For food retailers, the country’s worst economic downturn since the Great Depression wasn’t so bad.
Research shows that during the Great Recession, US consumers increased their spending on retail food purchases overall, while switching away from mid-tier brands and seeking out bargains at cheaper retailers including warehouse clubs. Chicago Booth’s Pradeep K. Chintagunta and Sanjay K. Dhar, along with William Cha, a data scientist for the shopping app Shopkick who was a Booth PhD candidate when the research was conducted, used consumer-packaged-goods data from 2007 to 2009 in order to understand how consumers changed their buying behavior during the downturn. The research included data from about 60,000 US households.

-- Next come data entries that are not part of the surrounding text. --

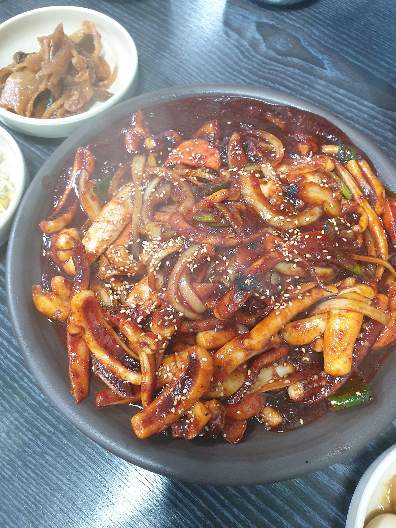 성수 똑도시장.미정이네.오징어 보통맵기로.맛나다.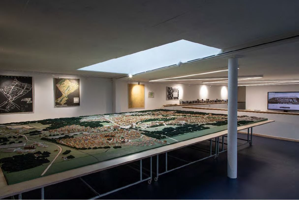 Das Untergeschoss wird in drei Nutzungsbereiche gegliedert: Der erste Nutzungsbereich umfasst den Ausstellungsraum für das knapp 30m² große historische Sennestadtmodell (Wettbewerbsmodell aus dem 50er Jahren, weitgehend im Originalzustand) mit Übergang in einen Tagungsbereich. Der Tagungsbereich bietet Platz für Workshops, Tagungen, Vereinssitzungen sowie kulturelle Veranstaltungen bis zu einer Teilnehmerzahl von 25 Personen. Der zweite Nutzungsbereich stellt der Infopoint und der Arbeitsplatz des Stadtteilmanagements dar. Im dritten Nutzungsbereich ist eine temporäre Büronutzung in Form einer Co-Working-Area geschaffen worden. Dieser Bereich bietet temporäre Arbeitsplätze incl. Lagerungsmöglichkeiten. Das Erdgeschoss und das Obergeschoss werden aufgrund der baulichen Gegebenheiten als gemeinsame Bürofläche derzeit an ein Architekturbüro vermietet.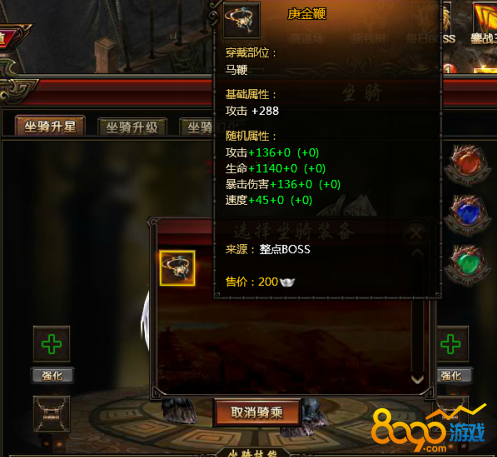 坐骑拥有专属的装备,玩家可通过参与整点boss获得坐骑装备和强化石。坐骑每个部位装备会有相应的属性加成。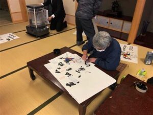 先日、本工事の施工箇所である「奥飛騨温泉郷一重ケ根地区」の地元行事である『不動祭り』に参加し、紙絵馬を書いてもらいました。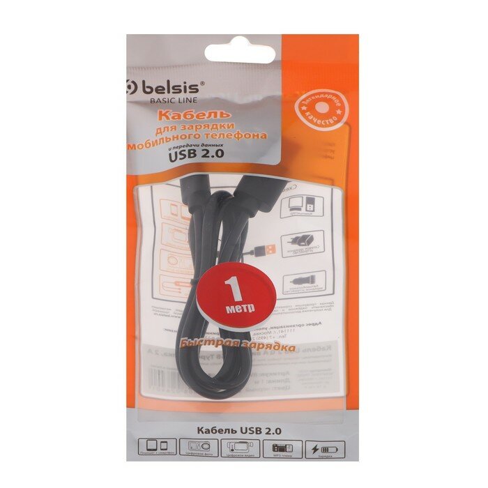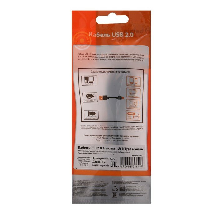Кабель BELSIS USB 2.0 А - Type C 1.8A черный 1 м BW1407B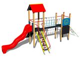 2x Turm, Dach in "A" form, Rutsche, Barriere, Steilaufstieg mit Metallhaltegriffen, Steilaufstieg mit Seil, Brücke mit Seilgeländern, Reckstangenaufstieg mit Haltegriffen, Steilkletternetz, Zeichentafel. Mehr Informationen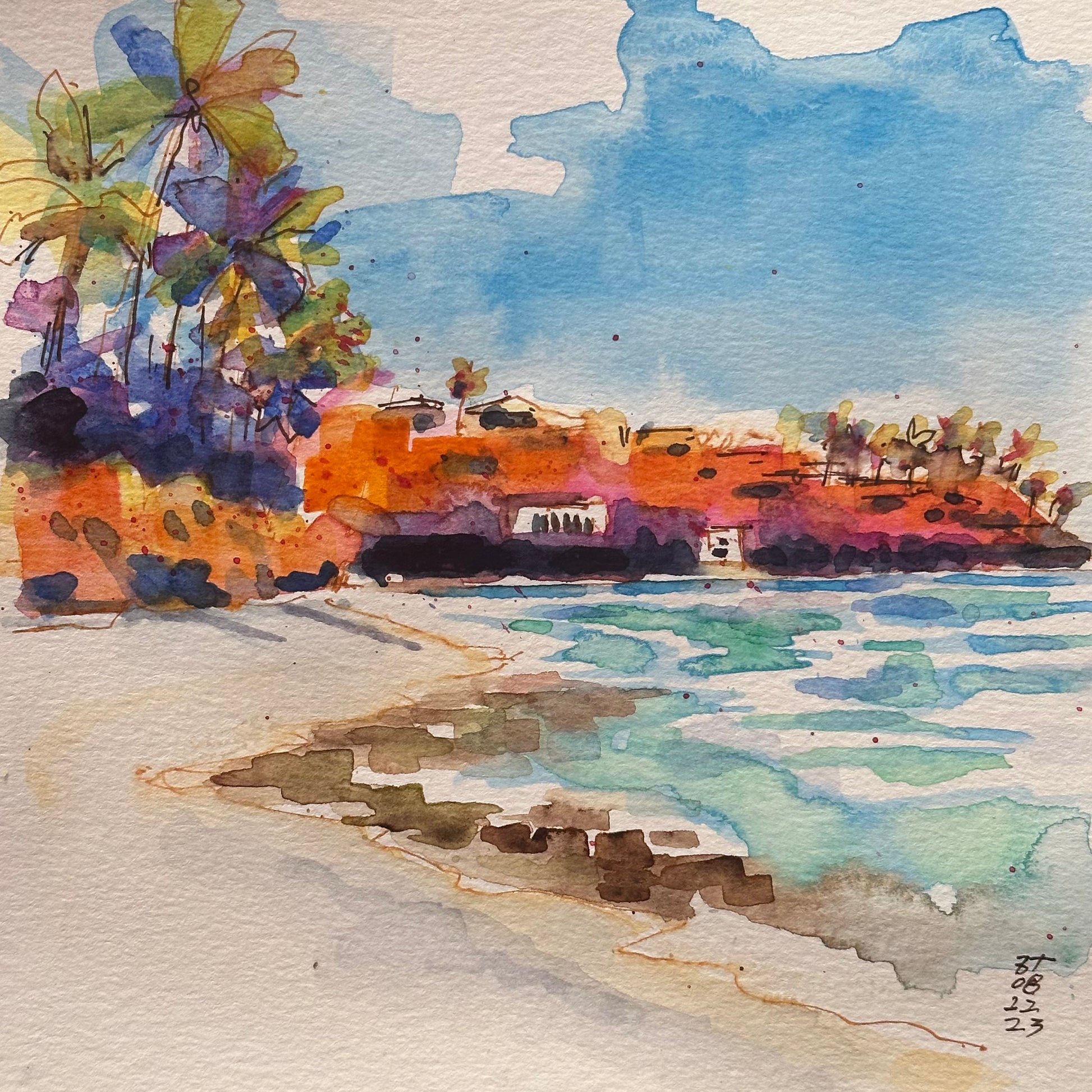 Made to fit a 8" x 8" frame size, or 8" x 8" mat window opening. Fits nicely into this frame, with mat, from Amazon (outer dimensions of actual frame 12" x 12").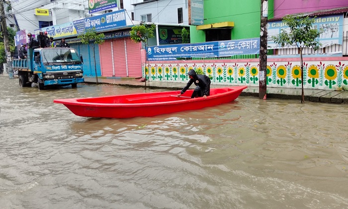 রোববার রাত থেকে শুরু হওয়া ভারি বৃষ্টি সিলেট নগরের প্রায় ২৮ টি ওয়ার্ড প্লাবিত হয়েছে। এতে পানিবন্দি হয়ে পড়েছেন লাখো মানুষঅ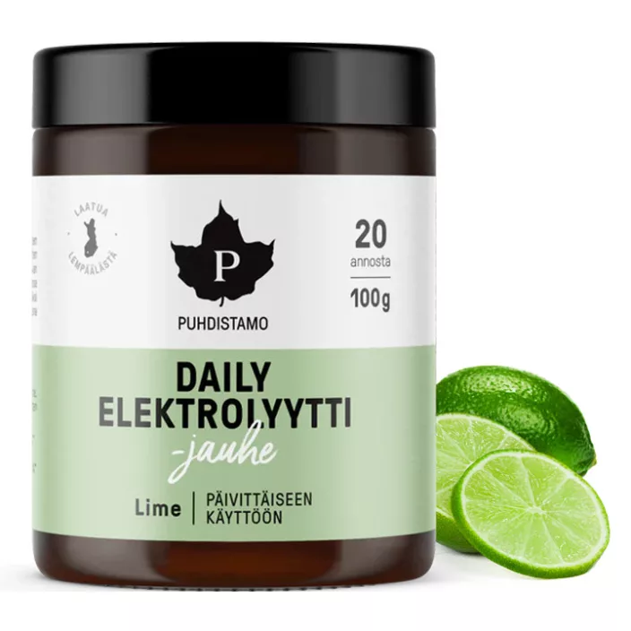 A Puhdistamo's Daily Electrolyte Powder egy nagyon ízletes, friss, lime ízű szomjoltó, amely segít fenntartani a szervezet optimális folyadékegyensúlyát.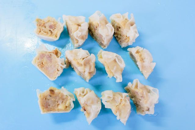 温まったシュウマイを半分にカット。「ザ★®シュウマイ」は大ぶりなので、半分に切ってもごろっとしています♪

“Coping strategies took the form of households switching their purchasing to cheaper outlets and brands, while purchasing more products on deal,” the researchers write. “Households had to resort to micro-level coping strategies to reduce expenditures.”
While the $2.1 trillion consumer-packaged-goods industry is generally considered recession proof, the researchers wanted to understand whether consumer spending on packaged food products was even slightly impacted by the deep downturn. They looked at 31 food categories, including cereal, spaghetti sauce, and orange juice, as well as at the prices paid by consumers during the economic downturn.
Despite unemployment across various demographics, it was older, more-educated consumers who made more cuts during the recession than their less-educated, younger counterparts, the researchers find. Even with more disposable income, households in the highest income brackets were also more willing to switch to cheaper brands while shopping at warehouse clubs such as Costco instead of more-traditional grocers. (The finding, according to the researchers, could be used to move from encouraging financial literacy in some demographics to focusing on “household spending literacy” to help rein in unnecessary spending.)
Although consumers proved willing to switch away from some brands, many stayed loyal even as prices increased by nearly 6 percent for top national brands. “Cheap brands are stealing share from the mid-tier brands, while the expensive brands seem insulated from the effects of the recession,” the authors write. Nonetheless, the researchers find that although generic or private-label brand purchases have been steadily increasing over the years, they didn’t grow in relation to the downturn.
Since retail food spending increased as restaurant sales slumped, the increase was likely a reflection of consumers’ efforts to cook more at home during economically turbulent times, the researchers find. Spending on food for at-home consumption rose to $3,526 per household in 2009 from $3,417 in 2007. In contrast, spending on food consumed away from home declined by 11.5 percent from 2006 to 2009, according to the US Department of Agriculture’s Economic Research Service.
William Cha, Pradeep K. Chintagunta, and Sanjay K. Dhar, “Food Purchases during the Great Recession,” Working paper, July 2015.